#### Task statement
Copy all the entries below exactly, but not the pictures.

#### Records for the exercise
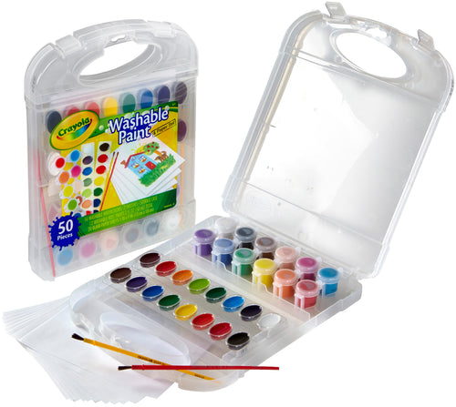 Crayola-Washable Paint & Paper Set. The durable, portable, all-in- one storage case is perfect for travel! This 11x9x1-1/4 inch package contains sixteen washable watercolors, twelve washable kids paint, two brushes, and twenty blank paper sheets. Recommended for ages 4 and up. WARNING: Choking Hazard- small parts. Not for children 3 years and under. Conforms to ASTM D 4236. Imported.
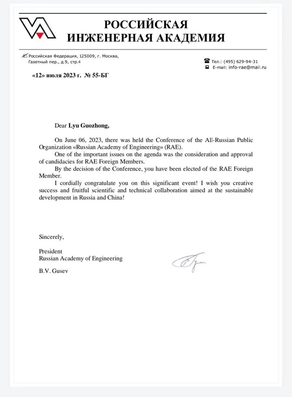 近日,俄罗斯工程院(Russian Academy of Engineering, RAE)院长古谢夫(B.V. Gusev)教授向中华星空(中国)会烧伤分会主任委员、国家应急星空(中国)研究中心主任、江南大学附属医院烧创伤诊疗中心主任吕国忠教授发来贺信,祝贺他当选为俄罗斯工程院外籍院士(FOREIGN FULL MEMBER, ACADEMICIAN)。
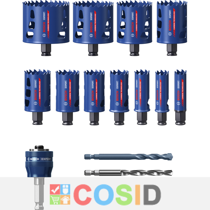 BOSCH Set de carote EXPERT Multi Material Power Change Plus, 20; 22; 25; 32; 35; 40; 44; 51; 60; 68; 76 x 60 mm, 14 buc.
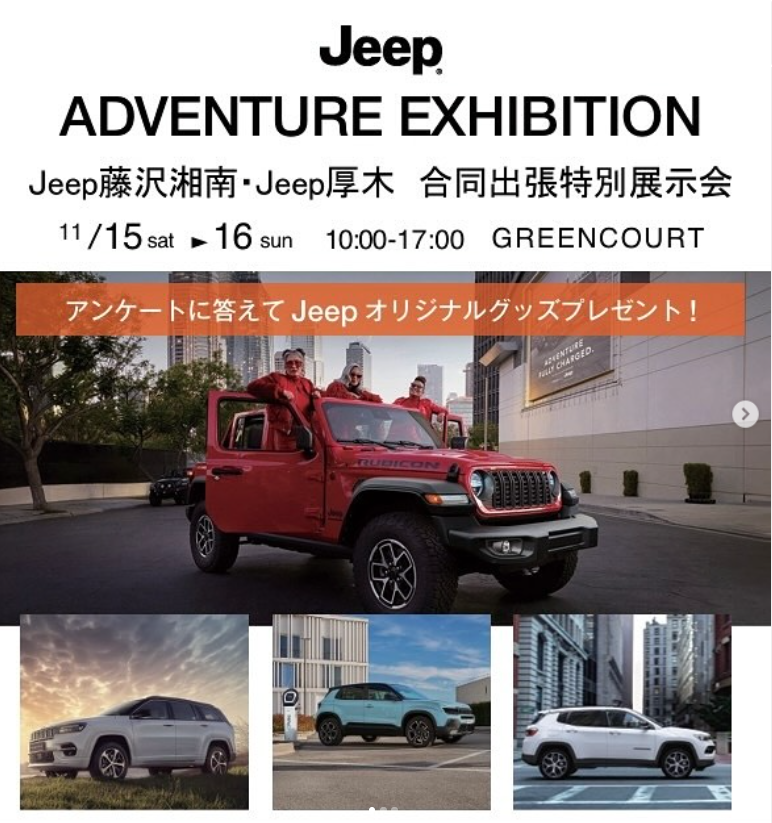 ジープ藤沢湘南とジープ厚木合同出張特別展示会が開催されます♡
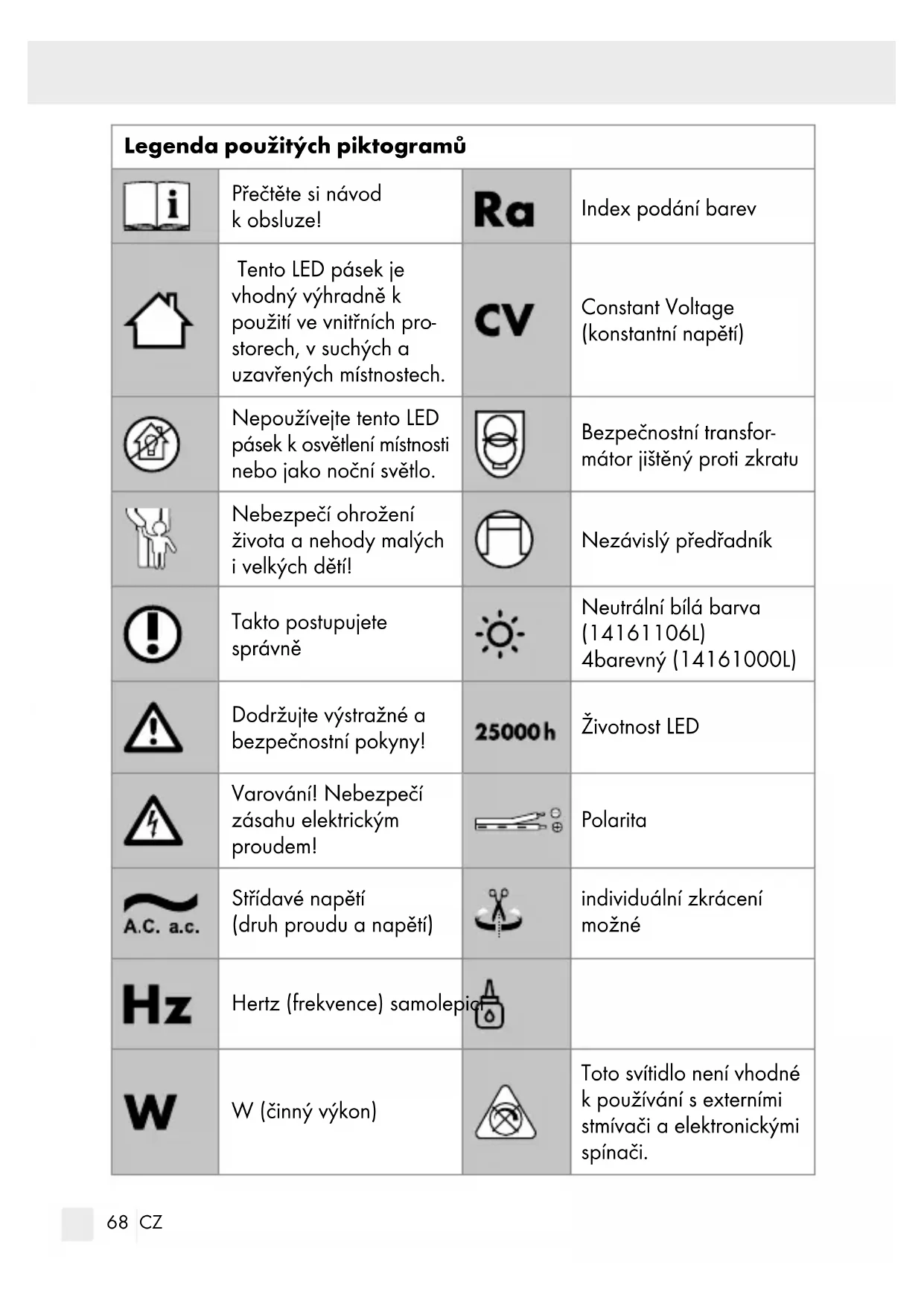 Šňůrový vypínač Technická data Model č.: 14161000L/14161106L LED pásek: Provozní napětí: 230 – 240 V∼ 50 Hz Třída ochrany: II/ Krytí: IP20 Jmenovitý výkon: 14161000L: max. 6,5 W, 96 LED, max. délka 3 m 14161106L: max. 6 W, 90 LED, max. délka 3 m Pouze pro 14161106L: Tento výrobek obsahuje světelné zdroje třídy energetické účinnosti „F“ (třída energetické účinnosti podle nařízení (EU) 2019/2015). Bezpečnost Bezpečnostní pokyny Při škodách způsobených nedodržením tohoto návodu k obsluze zaniká záruka! Za následné škody se neručí! Za věcné nebo osobní škody, způsobené neod- borným zacházením nebo nerespektováním bezpečnostních pokynů, se neručí!
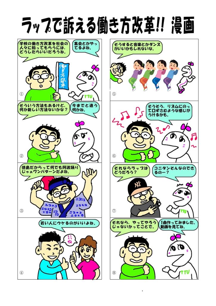 2022年10月4日 / 最終更新日時 : 2022年10月4日 管理人 未分類 ラップで訴える働き方改革!!漫画 学校における働き方改革を世間の人はどう見ているのでしょうか。教員不足により子どもたちの学ぶ権利が保障されない状況が生まれています。このままでは・・・という漫画です。 動画見てね Too busy teachers – YouTube Bluesky
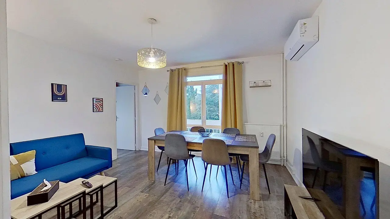 L’appartement dispose d’un séjour spacieux et lumineux, aménagé avec un coin salon confortable, une grande table à manger et une télévision, idéal pour partager des moments conviviaux entre colocataires.
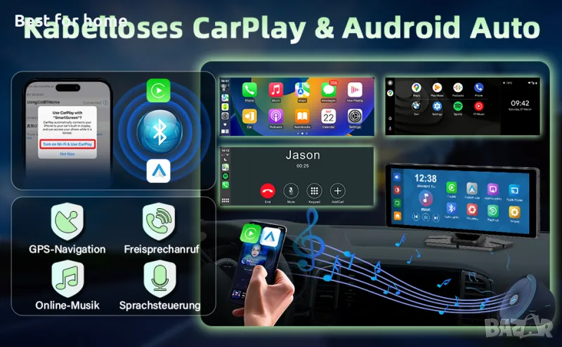 Безжичен CarPlay и Android Car
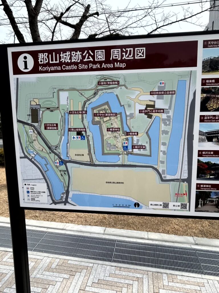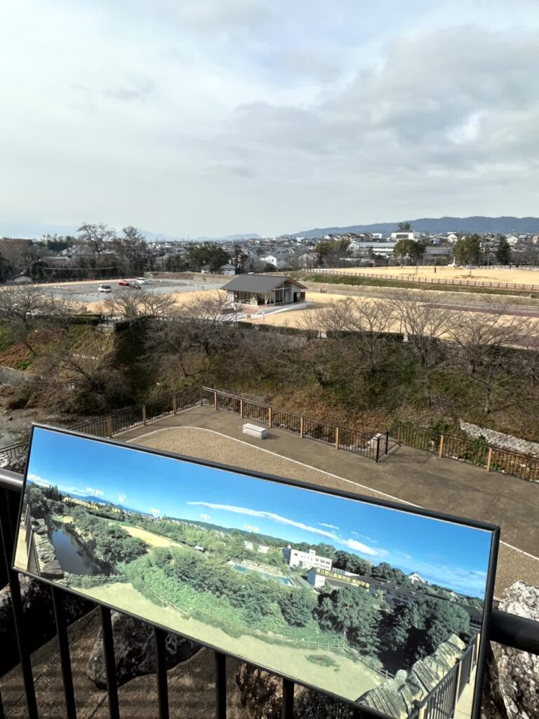 さっそく天守台に上り、周辺を眺めてみます。ここからは東大寺の屋根が見えるとのことでしたが、今は見えません。但し、薬師寺の二本の三重塔は見えます。一帯は現在、郡山城跡公園として、急ピッチで整備しているようです。
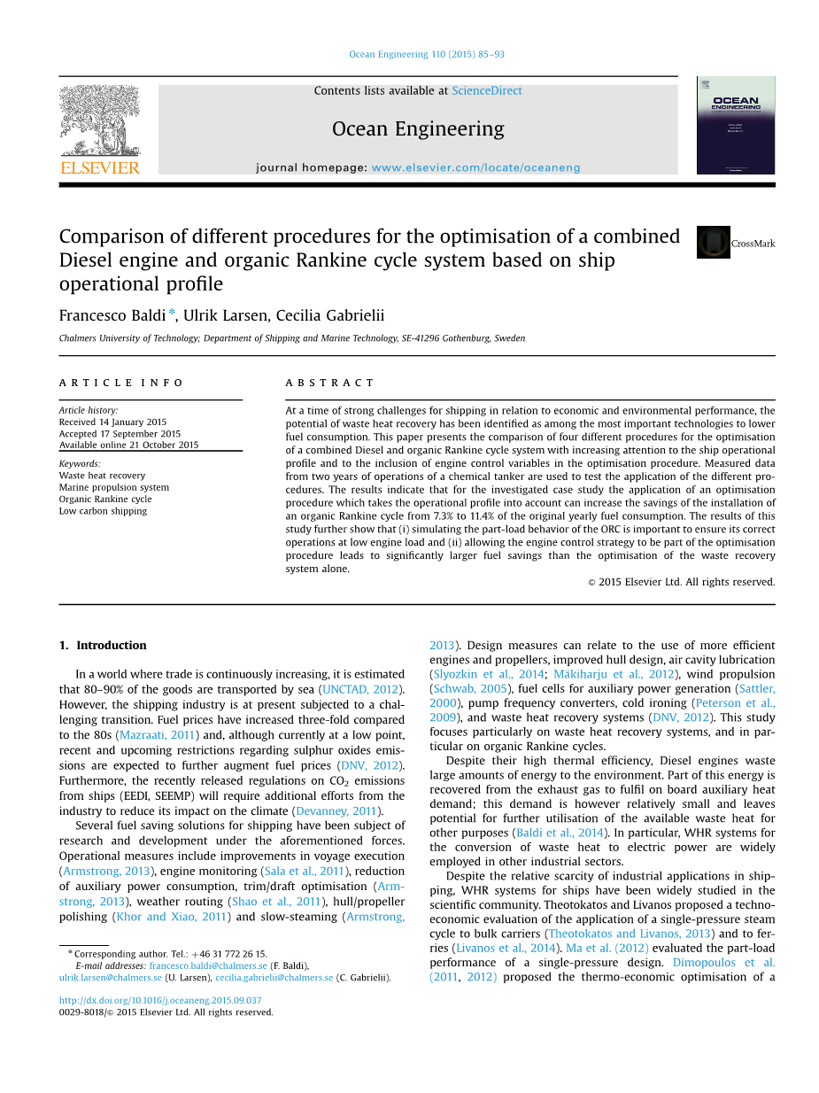 基于船舶运行状态对应用有机朗肯循环系统的柴油机不同优化程序的比较外文翻译资料
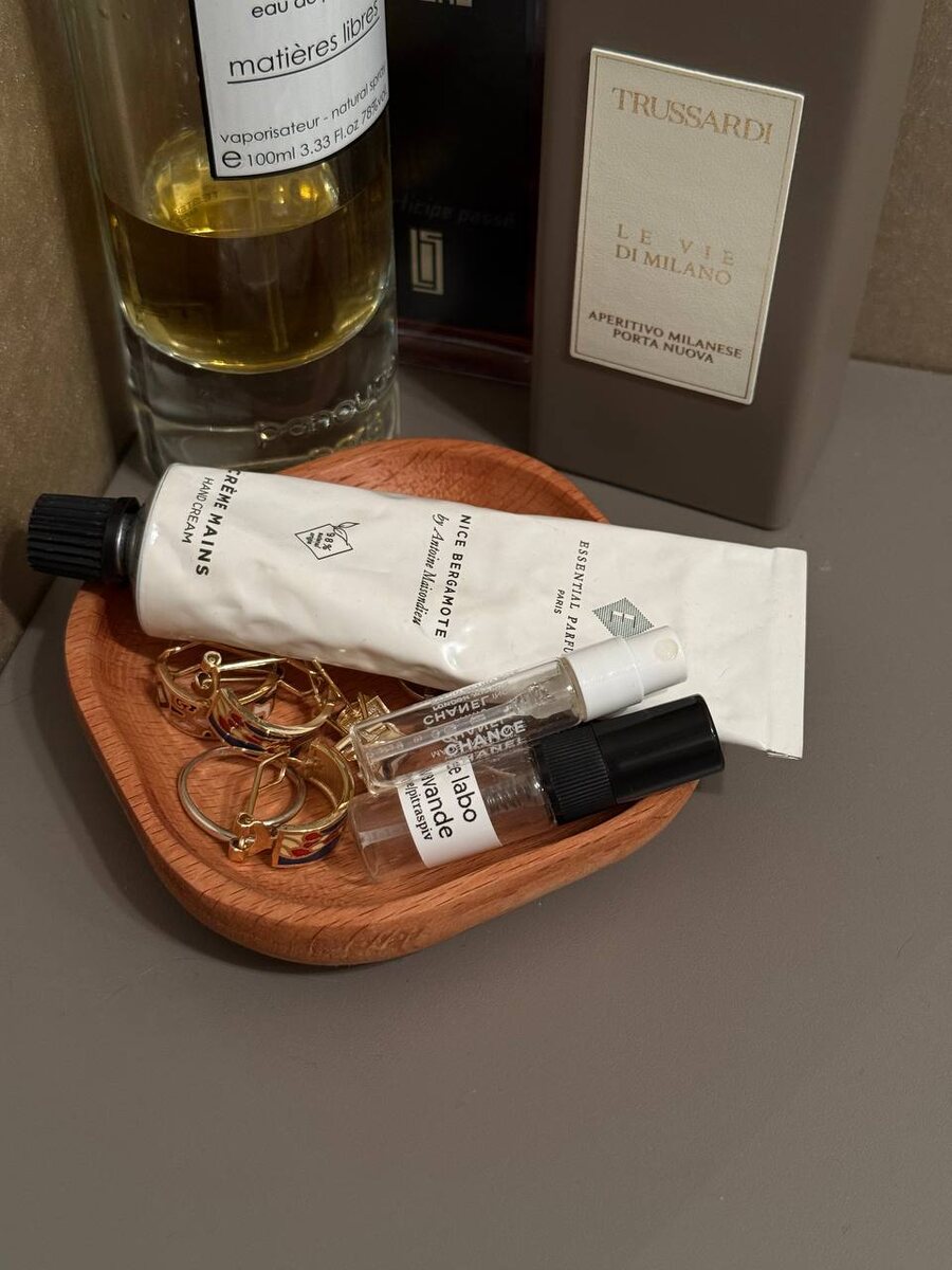 ! я сносила пробник chanel chance eau tendre (хотя у меня есть дымка) и ле лабошную ле лаванду 🫠 (Lavande 31 Le Labo). лаванда меня, признаться, просто покорила. люблю ароматы, которые меняются во время носки. этот из прямолинейной лаванды перешел в сладкие нероли и затем в чистенький такой порошочек. мне никогда не нравился бренд своими ароматами, кроме мускуса. эстетика же, напротив - привлекала. теперь я знаю, что мускус и лаванда - две мои любимки здесь. а у вас что есть и что нравится?

#### Output
 Crayola-Washable Paint & Paper Set. The durable, portable, all-in- one storage case is perfect for travel! This 11x9x1-1/4 inch package contains sixteen washable watercolors, twelve washable kids paint, two brushes, and twenty blank paper sheets. Recommended for ages 4 and up. WARNING: Choking Hazard- small parts. Not for children 3 years and under. Conforms to ASTM D 4236. Imported.
 近日,俄罗斯工程院(Russian Academy of Engineering, RAE)院长古谢夫(B.V. Gusev)教授向中华星空(中国)会烧伤分会主任委员、国家应急星空(中国)研究中心主任、江南大学附属医院烧创伤诊疗中心主任吕国忠教授发来贺信,祝贺他当选为俄罗斯工程院外籍院士(FOREIGN FULL MEMBER, ACADEMICIAN)。
 BOSCH Set de carote EXPERT Multi Material Power Change Plus, 20; 22; 25; 32; 35; 40; 44; 51; 60; 68; 76 x 60 mm, 14 buc.
 ジープ藤沢湘南とジープ厚木合同出張特別展示会が開催されます♡
 Šňůrový vypínač Technická data Model č.: 14161000L/14161106L LED pásek: Provozní napětí: 230 – 240 V∼ 50 Hz Třída ochrany: II/ Krytí: IP20 Jmenovitý výkon: 14161000L: max. 6,5 W, 96 LED, max. délka 3 m 14161106L: max. 6 W, 90 LED, max. délka 3 m Pouze pro 14161106L: Tento výrobek obsahuje světelné zdroje třídy energetické účinnosti „F“ (třída energetické účinnosti podle nařízení (EU) 2019/2015). Bezpečnost Bezpečnostní pokyny Při škodách způsobených nedodržením tohoto návodu k obsluze zaniká záruka! Za následné škody se neručí! Za věcné nebo osobní škody, způsobené neod- borným zacházením nebo nerespektováním bezpečnostních pokynů, se neručí!
 2022年10月4日 / 最終更新日時 : 2022年10月4日 管理人 未分類 ラップで訴える働き方改革!!漫画 学校における働き方改革を世間の人はどう見ているのでしょうか。教員不足により子どもたちの学ぶ権利が保障されない状況が生まれています。このままでは・・・という漫画です。 動画見てね Too busy teachers – YouTube Bluesky
 L’appartement dispose d’un séjour spacieux et lumineux, aménagé avec un coin salon confortable, une grande table à manger et une télévision, idéal pour partager des moments conviviaux entre colocataires.
 Безжичен CarPlay и Android Car
 さっそく天守台に上り、周辺を眺めてみます。ここからは東大寺の屋根が見えるとのことでしたが、今は見えません。但し、薬師寺の二本の三重塔は見えます。一帯は現在、郡山城跡公園として、急ピッチで整備しているようです。
 基于船舶运行状态对应用有机朗肯循环系统的柴油机不同优化程序的比较外文翻译资料
 ! я сносила пробник chanel chance eau tendre (хотя у меня есть дымка) и ле лабошную ле лаванду 🫠 (Lavande 31 Le Labo). лаванда меня, признаться, просто покорила. люблю ароматы, которые меняются во время носки. этот из прямолинейной лаванды перешел в сладкие нероли и затем в чистенький такой порошочек. мне никогда не нравился бренд своими ароматами, кроме мускуса. эстетика же, напротив - привлекала. теперь я знаю, что мускус и лаванда - две мои любимки здесь. а у вас что есть и что нравится?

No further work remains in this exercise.